Comment 1 Angsuman Chakraborty 2004-07-24 11:51:37 UTC
Created attachment 12207 [details]
Sample Word document which crashes any attempt to read document properties
Comment 2 Angsuman Chakraborty 2004-07-24 11:54:02 UTC
Created attachment 12208 [details]
Modified source which has a fix/workaround for the defect
Comment 3 Piers 2004-07-25 15:03:53 UTC
Hi Angsuman,

I've run the Mac document you supplied as a testcase
through the HWFP code which has had patch 30235 applied.
http://issues.apache.org/bugzilla/show_bug.cgi?id=30235

This works fine, creating a working copy of the document.
I know that some of the work that was done in creating
this patch fixed a number of bugs. As you rightly point out
the error is most probably due to a parsing error.

Can you test you code with the above patch applied?
If it still doesn't work, can you please post an example
of the calling line in your application code that will cause 
the error so that I can take a look at it?

Many thanks,
             Piers

Comment 4 Piers Taylor 2004-07-25 15:13:30 UTC
Appologies everyone - I was logged in on my old account for which the email 
address is invalid. Please use the email address associated with this account 
if you need to contact me.

Piers
Comment 5 Angsuman Chakraborty 2004-08-10 15:35:39 UTC
The new version from CVS has the problem fixed (please see attachment below for
details).
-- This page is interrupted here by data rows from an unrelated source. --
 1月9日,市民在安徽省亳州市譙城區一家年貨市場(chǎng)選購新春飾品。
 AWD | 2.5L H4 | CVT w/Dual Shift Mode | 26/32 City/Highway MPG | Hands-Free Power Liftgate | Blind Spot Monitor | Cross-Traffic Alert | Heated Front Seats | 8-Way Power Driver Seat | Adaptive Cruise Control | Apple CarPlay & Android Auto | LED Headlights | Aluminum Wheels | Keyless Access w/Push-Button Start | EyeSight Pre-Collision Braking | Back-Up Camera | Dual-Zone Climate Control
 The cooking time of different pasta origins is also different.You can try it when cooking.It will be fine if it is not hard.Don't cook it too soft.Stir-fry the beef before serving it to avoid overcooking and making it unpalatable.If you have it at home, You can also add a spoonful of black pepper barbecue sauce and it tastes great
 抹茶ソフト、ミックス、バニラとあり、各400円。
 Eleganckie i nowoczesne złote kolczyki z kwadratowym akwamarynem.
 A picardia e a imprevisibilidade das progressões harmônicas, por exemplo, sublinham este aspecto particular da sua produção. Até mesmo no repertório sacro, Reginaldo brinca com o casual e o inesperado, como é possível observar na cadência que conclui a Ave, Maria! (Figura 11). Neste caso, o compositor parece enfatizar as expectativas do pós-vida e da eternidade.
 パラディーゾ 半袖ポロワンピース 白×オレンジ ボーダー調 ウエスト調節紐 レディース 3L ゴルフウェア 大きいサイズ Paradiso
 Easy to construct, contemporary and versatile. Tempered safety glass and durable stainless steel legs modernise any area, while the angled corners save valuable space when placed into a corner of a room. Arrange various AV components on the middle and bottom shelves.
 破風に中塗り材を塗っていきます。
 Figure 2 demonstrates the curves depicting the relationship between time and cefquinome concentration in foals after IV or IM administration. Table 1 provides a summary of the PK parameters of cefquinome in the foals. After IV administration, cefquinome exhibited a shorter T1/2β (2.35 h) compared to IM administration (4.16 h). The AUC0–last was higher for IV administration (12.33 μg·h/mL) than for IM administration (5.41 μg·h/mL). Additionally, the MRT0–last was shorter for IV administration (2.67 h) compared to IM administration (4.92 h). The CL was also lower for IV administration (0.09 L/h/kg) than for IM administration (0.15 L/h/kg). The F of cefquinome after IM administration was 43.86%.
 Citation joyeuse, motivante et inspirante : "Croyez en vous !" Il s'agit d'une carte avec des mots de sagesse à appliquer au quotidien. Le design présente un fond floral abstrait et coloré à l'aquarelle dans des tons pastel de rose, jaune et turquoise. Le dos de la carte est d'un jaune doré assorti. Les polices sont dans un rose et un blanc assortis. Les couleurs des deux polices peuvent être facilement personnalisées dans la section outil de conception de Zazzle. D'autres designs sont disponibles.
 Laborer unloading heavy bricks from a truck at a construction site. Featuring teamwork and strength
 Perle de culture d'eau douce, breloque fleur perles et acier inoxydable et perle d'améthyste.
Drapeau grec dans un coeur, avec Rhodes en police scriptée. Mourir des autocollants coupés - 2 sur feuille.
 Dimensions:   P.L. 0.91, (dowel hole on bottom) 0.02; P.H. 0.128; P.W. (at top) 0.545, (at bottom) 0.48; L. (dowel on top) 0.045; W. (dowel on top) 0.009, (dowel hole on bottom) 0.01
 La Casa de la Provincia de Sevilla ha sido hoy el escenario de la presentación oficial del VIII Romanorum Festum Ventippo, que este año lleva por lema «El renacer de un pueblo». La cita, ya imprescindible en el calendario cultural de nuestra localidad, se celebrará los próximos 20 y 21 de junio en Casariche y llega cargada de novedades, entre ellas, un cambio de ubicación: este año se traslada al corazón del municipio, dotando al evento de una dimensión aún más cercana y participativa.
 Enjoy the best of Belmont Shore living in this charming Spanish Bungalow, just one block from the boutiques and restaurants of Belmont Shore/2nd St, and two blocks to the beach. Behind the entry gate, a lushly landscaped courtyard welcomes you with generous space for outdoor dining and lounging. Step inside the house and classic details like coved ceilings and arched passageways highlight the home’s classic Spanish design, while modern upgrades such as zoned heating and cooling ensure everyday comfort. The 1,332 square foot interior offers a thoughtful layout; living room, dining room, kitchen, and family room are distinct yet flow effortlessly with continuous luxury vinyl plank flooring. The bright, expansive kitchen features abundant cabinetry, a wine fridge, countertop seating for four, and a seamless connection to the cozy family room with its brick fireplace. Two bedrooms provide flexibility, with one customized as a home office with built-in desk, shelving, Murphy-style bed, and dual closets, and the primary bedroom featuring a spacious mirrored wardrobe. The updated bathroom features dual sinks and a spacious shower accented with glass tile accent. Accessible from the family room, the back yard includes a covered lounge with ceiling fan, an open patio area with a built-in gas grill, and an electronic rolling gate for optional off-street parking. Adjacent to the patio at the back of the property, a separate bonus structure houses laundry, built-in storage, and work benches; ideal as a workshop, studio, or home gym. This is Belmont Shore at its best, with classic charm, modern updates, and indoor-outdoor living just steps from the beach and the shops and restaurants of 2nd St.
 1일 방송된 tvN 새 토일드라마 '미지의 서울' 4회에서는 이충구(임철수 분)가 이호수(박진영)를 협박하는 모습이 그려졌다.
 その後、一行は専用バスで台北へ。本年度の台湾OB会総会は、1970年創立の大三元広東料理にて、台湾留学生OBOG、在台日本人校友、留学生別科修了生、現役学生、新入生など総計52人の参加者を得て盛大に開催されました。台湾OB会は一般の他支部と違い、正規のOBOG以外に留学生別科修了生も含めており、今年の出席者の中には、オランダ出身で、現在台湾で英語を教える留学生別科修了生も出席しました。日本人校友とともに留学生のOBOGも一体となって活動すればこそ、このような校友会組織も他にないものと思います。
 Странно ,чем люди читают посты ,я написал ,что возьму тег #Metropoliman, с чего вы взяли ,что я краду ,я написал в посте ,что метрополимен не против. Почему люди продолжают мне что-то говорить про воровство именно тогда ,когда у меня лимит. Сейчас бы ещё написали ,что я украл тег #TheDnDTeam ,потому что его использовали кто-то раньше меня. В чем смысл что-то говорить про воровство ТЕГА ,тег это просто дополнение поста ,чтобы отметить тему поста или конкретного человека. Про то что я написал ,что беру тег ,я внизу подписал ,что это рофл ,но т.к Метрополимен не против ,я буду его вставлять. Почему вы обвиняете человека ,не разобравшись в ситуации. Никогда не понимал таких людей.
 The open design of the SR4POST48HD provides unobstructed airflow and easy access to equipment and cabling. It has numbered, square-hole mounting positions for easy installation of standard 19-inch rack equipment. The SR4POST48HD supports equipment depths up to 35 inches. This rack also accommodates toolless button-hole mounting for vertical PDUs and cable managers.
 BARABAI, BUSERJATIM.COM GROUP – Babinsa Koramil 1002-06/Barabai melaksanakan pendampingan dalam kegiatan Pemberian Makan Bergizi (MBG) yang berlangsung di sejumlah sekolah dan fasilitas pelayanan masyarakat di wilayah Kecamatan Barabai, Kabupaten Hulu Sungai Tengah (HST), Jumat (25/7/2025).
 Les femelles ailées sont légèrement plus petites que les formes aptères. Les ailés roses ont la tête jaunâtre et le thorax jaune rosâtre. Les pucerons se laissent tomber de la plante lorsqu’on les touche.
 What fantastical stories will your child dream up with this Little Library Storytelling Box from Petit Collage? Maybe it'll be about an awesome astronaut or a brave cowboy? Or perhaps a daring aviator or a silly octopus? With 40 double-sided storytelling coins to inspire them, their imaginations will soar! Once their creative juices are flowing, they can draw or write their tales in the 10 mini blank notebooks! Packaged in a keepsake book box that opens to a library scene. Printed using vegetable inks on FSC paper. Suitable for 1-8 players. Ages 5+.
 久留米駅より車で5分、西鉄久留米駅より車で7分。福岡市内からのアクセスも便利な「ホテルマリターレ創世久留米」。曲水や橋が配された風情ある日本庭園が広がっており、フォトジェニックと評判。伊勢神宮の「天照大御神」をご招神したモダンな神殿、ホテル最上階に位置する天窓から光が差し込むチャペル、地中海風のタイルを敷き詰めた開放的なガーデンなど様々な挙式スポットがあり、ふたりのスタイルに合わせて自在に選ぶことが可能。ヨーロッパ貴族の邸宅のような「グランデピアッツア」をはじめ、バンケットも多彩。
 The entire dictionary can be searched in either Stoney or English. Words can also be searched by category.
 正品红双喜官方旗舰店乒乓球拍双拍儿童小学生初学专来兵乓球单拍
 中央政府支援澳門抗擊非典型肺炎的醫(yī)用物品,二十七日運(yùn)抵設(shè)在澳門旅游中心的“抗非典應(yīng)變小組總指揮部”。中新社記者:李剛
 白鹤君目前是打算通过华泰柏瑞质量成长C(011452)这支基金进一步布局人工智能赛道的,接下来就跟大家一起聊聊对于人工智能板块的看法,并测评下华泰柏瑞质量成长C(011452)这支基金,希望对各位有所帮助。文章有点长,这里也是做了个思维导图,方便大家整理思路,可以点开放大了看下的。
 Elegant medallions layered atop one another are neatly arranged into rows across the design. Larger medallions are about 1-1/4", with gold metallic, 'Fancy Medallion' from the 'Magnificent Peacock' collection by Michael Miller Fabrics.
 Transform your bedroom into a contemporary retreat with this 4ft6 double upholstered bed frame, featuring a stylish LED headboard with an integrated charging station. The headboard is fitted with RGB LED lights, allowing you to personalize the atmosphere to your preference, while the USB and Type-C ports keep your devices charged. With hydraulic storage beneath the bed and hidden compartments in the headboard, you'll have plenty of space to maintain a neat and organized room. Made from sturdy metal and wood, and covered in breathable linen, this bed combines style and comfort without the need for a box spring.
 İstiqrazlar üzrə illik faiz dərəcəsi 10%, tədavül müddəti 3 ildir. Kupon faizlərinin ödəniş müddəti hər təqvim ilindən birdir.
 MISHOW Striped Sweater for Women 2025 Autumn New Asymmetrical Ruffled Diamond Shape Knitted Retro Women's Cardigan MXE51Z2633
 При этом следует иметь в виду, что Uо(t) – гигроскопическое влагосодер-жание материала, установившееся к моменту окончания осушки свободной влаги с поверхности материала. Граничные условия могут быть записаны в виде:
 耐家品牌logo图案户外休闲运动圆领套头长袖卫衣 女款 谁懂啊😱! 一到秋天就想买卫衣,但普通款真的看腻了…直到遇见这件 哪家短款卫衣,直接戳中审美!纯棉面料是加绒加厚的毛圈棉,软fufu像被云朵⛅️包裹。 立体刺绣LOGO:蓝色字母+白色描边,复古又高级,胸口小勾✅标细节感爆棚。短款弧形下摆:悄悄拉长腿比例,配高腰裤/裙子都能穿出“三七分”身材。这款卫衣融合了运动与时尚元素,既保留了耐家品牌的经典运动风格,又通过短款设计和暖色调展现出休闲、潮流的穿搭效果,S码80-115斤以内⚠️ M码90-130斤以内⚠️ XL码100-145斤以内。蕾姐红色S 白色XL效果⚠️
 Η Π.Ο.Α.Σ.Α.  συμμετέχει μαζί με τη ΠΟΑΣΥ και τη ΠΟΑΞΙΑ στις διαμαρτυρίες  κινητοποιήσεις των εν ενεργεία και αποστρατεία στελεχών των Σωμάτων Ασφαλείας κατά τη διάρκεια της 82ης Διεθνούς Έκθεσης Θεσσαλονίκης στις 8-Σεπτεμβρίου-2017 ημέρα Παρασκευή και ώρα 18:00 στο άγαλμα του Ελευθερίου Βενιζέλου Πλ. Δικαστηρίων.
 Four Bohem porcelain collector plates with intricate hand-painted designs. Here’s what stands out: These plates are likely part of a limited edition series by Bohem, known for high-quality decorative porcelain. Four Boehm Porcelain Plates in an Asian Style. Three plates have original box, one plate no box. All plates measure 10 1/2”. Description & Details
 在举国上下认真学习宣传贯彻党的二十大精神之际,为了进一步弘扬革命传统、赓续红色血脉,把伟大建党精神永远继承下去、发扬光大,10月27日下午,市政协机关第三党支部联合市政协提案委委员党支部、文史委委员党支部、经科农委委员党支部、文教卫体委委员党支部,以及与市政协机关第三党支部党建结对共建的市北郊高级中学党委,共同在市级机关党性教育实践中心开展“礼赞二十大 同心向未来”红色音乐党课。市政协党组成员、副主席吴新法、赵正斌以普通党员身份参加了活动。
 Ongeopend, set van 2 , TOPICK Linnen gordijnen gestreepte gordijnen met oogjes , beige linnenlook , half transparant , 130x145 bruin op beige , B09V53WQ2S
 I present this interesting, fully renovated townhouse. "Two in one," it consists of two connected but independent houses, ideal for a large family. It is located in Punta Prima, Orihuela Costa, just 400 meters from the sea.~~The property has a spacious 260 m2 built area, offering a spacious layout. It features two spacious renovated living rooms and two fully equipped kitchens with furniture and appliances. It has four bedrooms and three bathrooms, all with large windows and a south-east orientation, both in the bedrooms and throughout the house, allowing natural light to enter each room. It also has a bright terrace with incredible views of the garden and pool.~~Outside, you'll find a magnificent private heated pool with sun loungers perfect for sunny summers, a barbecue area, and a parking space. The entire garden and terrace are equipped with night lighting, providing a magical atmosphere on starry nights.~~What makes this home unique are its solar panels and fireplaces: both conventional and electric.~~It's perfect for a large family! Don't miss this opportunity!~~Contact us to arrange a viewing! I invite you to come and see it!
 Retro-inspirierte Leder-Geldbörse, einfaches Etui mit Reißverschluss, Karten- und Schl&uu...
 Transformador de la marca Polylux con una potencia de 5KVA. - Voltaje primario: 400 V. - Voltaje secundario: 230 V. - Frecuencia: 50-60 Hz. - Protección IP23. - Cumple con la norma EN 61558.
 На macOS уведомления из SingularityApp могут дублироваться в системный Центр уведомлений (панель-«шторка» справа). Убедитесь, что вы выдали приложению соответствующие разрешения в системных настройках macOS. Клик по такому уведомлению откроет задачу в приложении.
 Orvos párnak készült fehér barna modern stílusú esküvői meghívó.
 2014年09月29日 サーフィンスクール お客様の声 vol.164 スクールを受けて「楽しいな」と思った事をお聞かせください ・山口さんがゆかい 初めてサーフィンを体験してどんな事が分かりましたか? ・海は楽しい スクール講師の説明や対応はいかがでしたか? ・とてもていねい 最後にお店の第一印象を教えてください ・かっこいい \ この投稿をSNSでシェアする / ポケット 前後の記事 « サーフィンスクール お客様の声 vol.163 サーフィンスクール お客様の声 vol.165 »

Thanks Piers for the prompt response and resolution. Your immediate
response was much much better than I getr from big companies where I pay tons
for the product :)


------- Additional Comments From piers.taylor@gossinteractive.com  2004-07-25
15:03 -------
Hi Angsuman,

I've run the Mac document you supplied as a testcase
through the HWFP code which has had patch 30235 applied.
http://issues.apache.org/bugzilla/show_bug.cgi?id=30235

This works fine, creating a working copy of the document.
I know that some of the work that was done in creating
this patch fixed a number of bugs. As you rightly point out
the error is most probably due to a parsing error.

Can you test you code with the above patch applied?
If it still doesn't work, can you please post an example
of the calling line in your application code that will cause 
the error so that I can take a look at it?

Many thanks,
             Piers